An Overview on CLIP a model which connected Image and Text as modalities by Aligning text to the image

Kaushik Tiwari

Founder @SNR.Audio

April 22, 2024

Modern computer vision systems are like helpful robots, but they're often only programmed to recognize a small range of specific things. This can be a bit limiting and means they need extra training to recognize anything else. Sometimes, you might read a paper or see a model that claims to be the best of the best, but they don't always live up to the hype in real life. This is usually because their performance results, which might look impressive on paper, are super optimized. the authors of CLIP have a solution to this very problem: "Why not learn directly from raw text about images? “

How CLIP works ?

CLIP pre-trains an image encoder and a text encoder to predict which images were paired with which texts in our dataset. This behavior is then used to turn CLIP into a zero-shot classifier. All classes in a dataset are converted into captions such as "a photo of a dog", and the class of the caption that CLIP estimates best pairs with a given image is predicted.

‍

CLIP Pretraining

CLIP was built to address the following challenges in No Particular Order

Costly datasets
Narrow Scope of Benchmark Datasets - (Going beyond 10, 100, 1000/N classes)
Poor Real World Performance

Pretraining the CLIP Model

‍

The Contrastive Language Image Pre-training (CLIP) model involves the following process:

We start with paired text and image inputs.
At each step, a batch is randomly sampled from a large dataset of these pairs.
The text is converted into feature vectors (T1, T2, …, TN) using a text encoder, while the images are similarly transformed using an image encoder, resulting in image feature vectors (I1, I2, …, IN).
We then calculate the cosine similarities between the text and image vectors. In the figure above, the matching text and image pairs are highlighted in blue (I1.T1, I2.T2, …, IN.TN).
For contrastive pre-training, our goal is for these highlighted similarity values to be high. This indicates that matching texts and images are mapped to a similar region in the feature space and the remaining similarities should be lower.
To accomplish this, we treat the similarity values as scaled logits and input them into a softmax classifier.
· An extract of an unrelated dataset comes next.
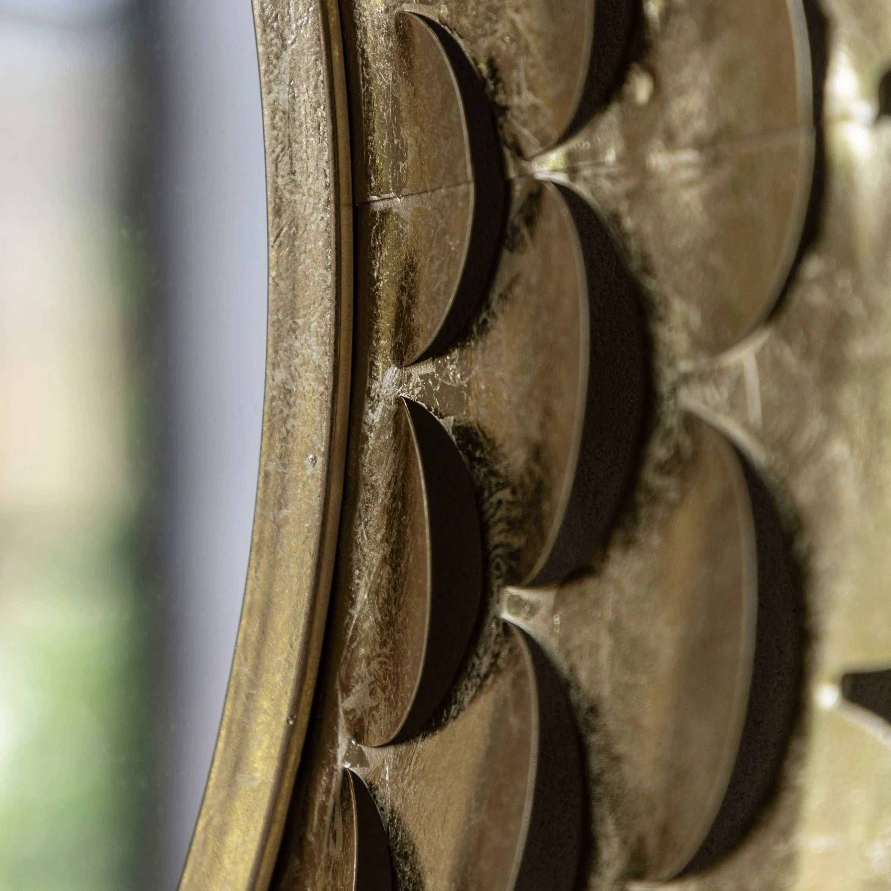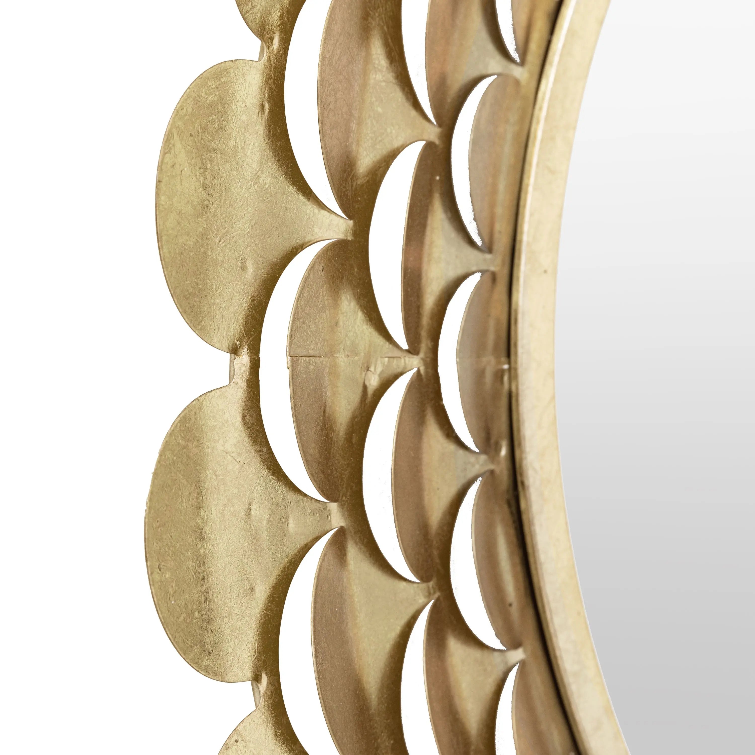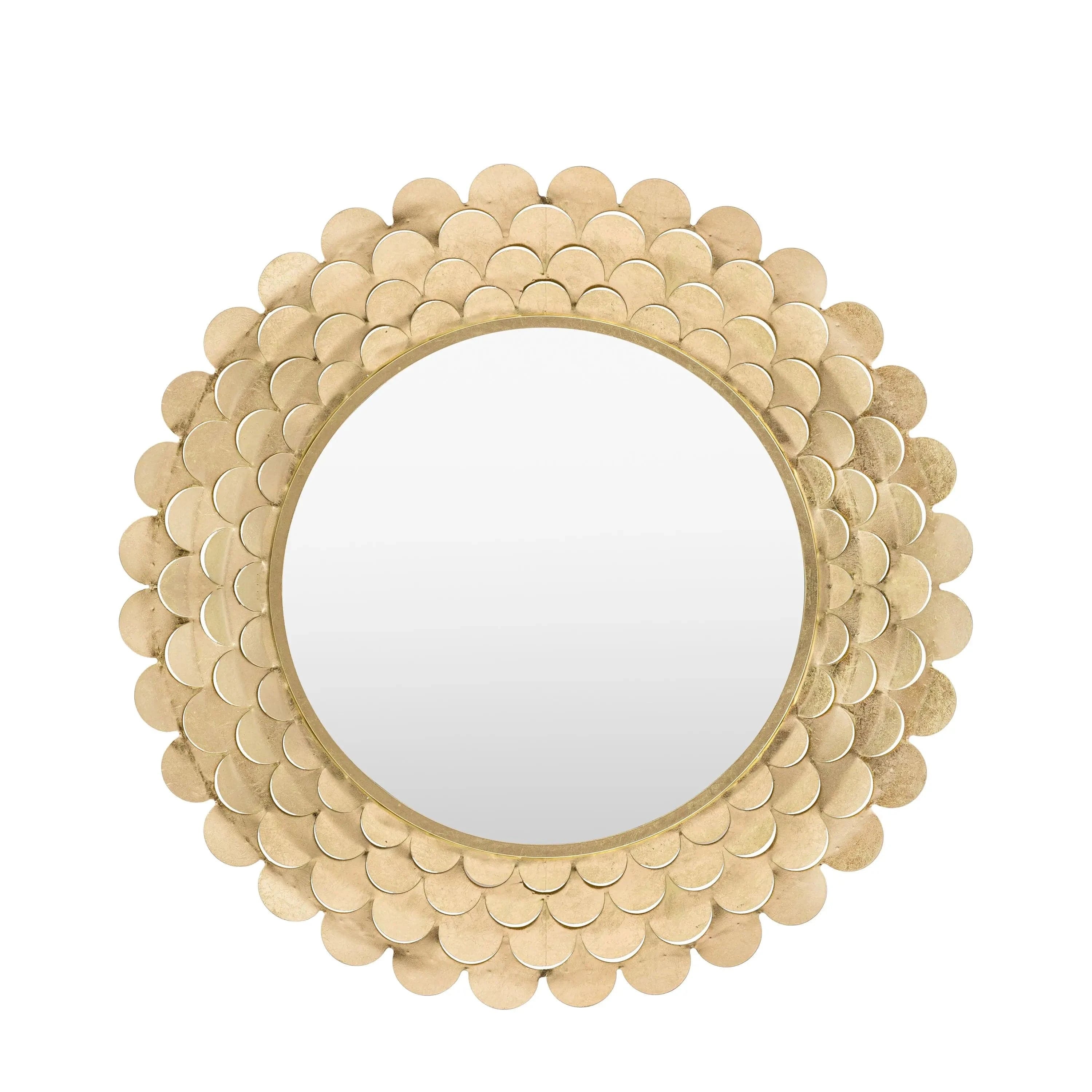 Perfect for enhancing your living room, bedroom, or entryway, this mirror is not just a functional piece but a statement of style. Embrace the charm of this opulent design and let it become the focal point of your decor. Transform your space with the timeless beauty of our mirror gold round mirror with scallop cutoutsÔÇöwhere elegance meets innovation.
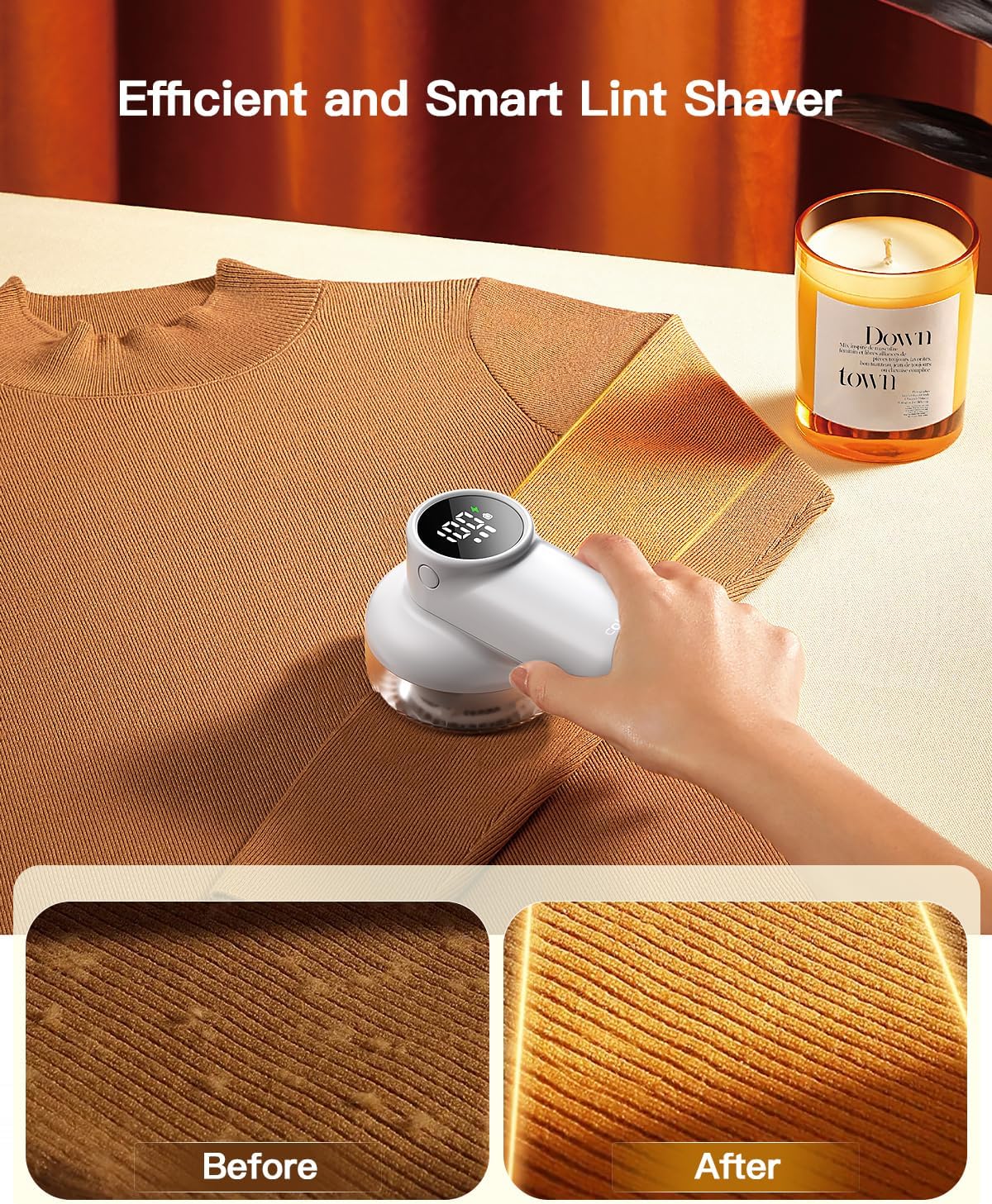 - 𝗥𝗲𝗰𝗵𝗮𝗿𝗴𝗲𝗮𝗯𝗹𝗲 & 𝗟𝗘𝗗 𝗗𝗶𝗴𝗶𝘁𝗮𝗹 𝗗𝗶𝘀𝗽𝗹𝗮𝘆: The high-definition screen of the lint remover will display the remaining battery power, speed levels, and charging status. Lint remover features a built-in rechargeable battery that can be quickly charged in just 1 hour, eliminating the need for frequent battery replacements and saving you money on battery purchases

This effectively transforms the problem into a classification task and we aim to minimise the Cross Entropy Loss. (We want each pair of images and texts to have a high probability.)
We repeat this for all image and text pairs in the batch and aim to minimise the average Cross Entropy Loss, which corresponds to the InfoNCE loss.

CLIP Inference and Additional Details about the Dataset
‍

Each of the potential label text classes is processed through the pre-trained text encoder to generate the text feature vectors (T1, T2, T3, …, TN).
The image to be classified is input into the pre-trained image encoder to generate the image feature vector (I1).
The cosine similarity between each of the text feature vectors (T1, T2, T3, …, TN) and the image feature vector (I1) is calculated.
The text feature vector that yields the highest cosine similarity is deemed the label of the image. This essentially means we're picking the text feature vector that is closest in angular distance to the image feature vector. As shown in the figure above, the highest value is dog.
The CLIP model is trained on 400 million image-text pairs from the internet.
The batch size for the input is 32,768.
32 epochs over the dataset.
Cosine learning rate decay is applied.
The architecture of the image encoder is ResNet-based or ViT-based.
The architecture of the text encoder is Transformer-based.

‍